The exchange between the ALJ and the VE follows:
As the ALJ failed to provide clear and convincing reasons for finding that plaintiff was not credible, and failed to take into account plaintiff's nonexertional requirements in applying the grids, his decision is not supported by substantial evidence. The action must be remanded for further consideration, and so the court does not address plaintiff's other arguments.
IV. CONCLUSION
Accordingly, IT IS HEREBY ORDERED that:
1. Plaintiff's motion for summary judgment and/or remand is granted;
2. The Commissioner's cross-motion for summary judgment is denied;
3. This case is remanded to the Commissioner pursuant to sentence four of 42 U.S.C. § 405(g) for further proceedings and findings consistent with this order; and
4. The Clerk is directed to enter judgment for plaintiff.

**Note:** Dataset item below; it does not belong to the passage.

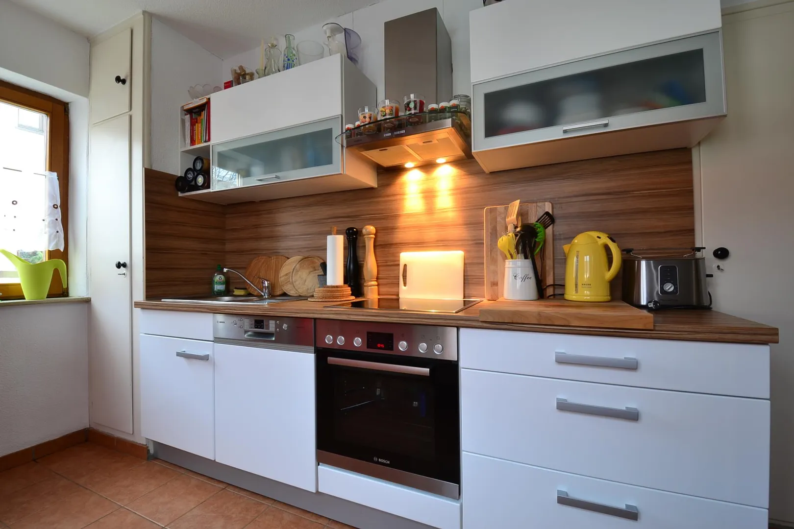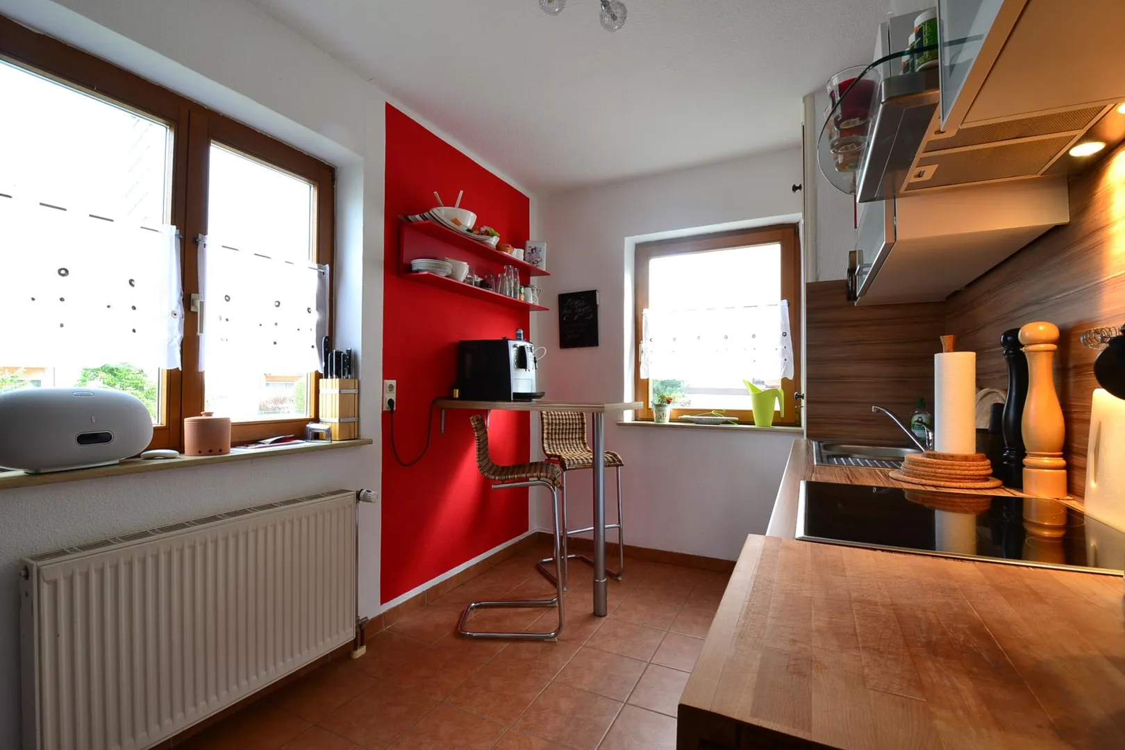 Die Küche ist mit einer hochwertigen Einbauküche mit einem Tisch und zwei Stühlen ausgestattet. Die Einbauküche verfügt über einen Kühlschrank mit Gefrierschrank, eine Spülmaschine, einen Herd mit Backofen, eine Dunstabzugshaube, Ober- und Unterschränke. Es sind überwiegend Markengeräte von Bosch. Die Einbauküche wurde ca. 2009 für ca. 5.500 EUR angeschafft. Die Einbauküche kann für 3.500 EUR von den aktuellen Mietern übernommen werden.

DATED: September 22, 2010.
Q. Now, can you please characterize for us, in vocational terms the, the prior work? A. Well, she was a nanny . . . She classified at medium, Your Honor, and performed at medium, as well as sedentary. Q. Okay. A. On different occasions. In the job as a customer order clerk . . . classified as sedentary and performed at sedentary. Then, she was an office manager . . . classified light, performed as sedentary, Your Honor. Q. Okay. A. That's it. Q. Let me ask you, if you had an individual limited to SVP 2 or, or less. Would that preclude the performance of all of the prior jobs, in your opinion? A. Yes, Your Honor. Q. Okay, thank you. A. Ms. Lee Mingo, would you like to ask any questions of Mr. Davis or, of Ms. Sullivan? AR 463-64.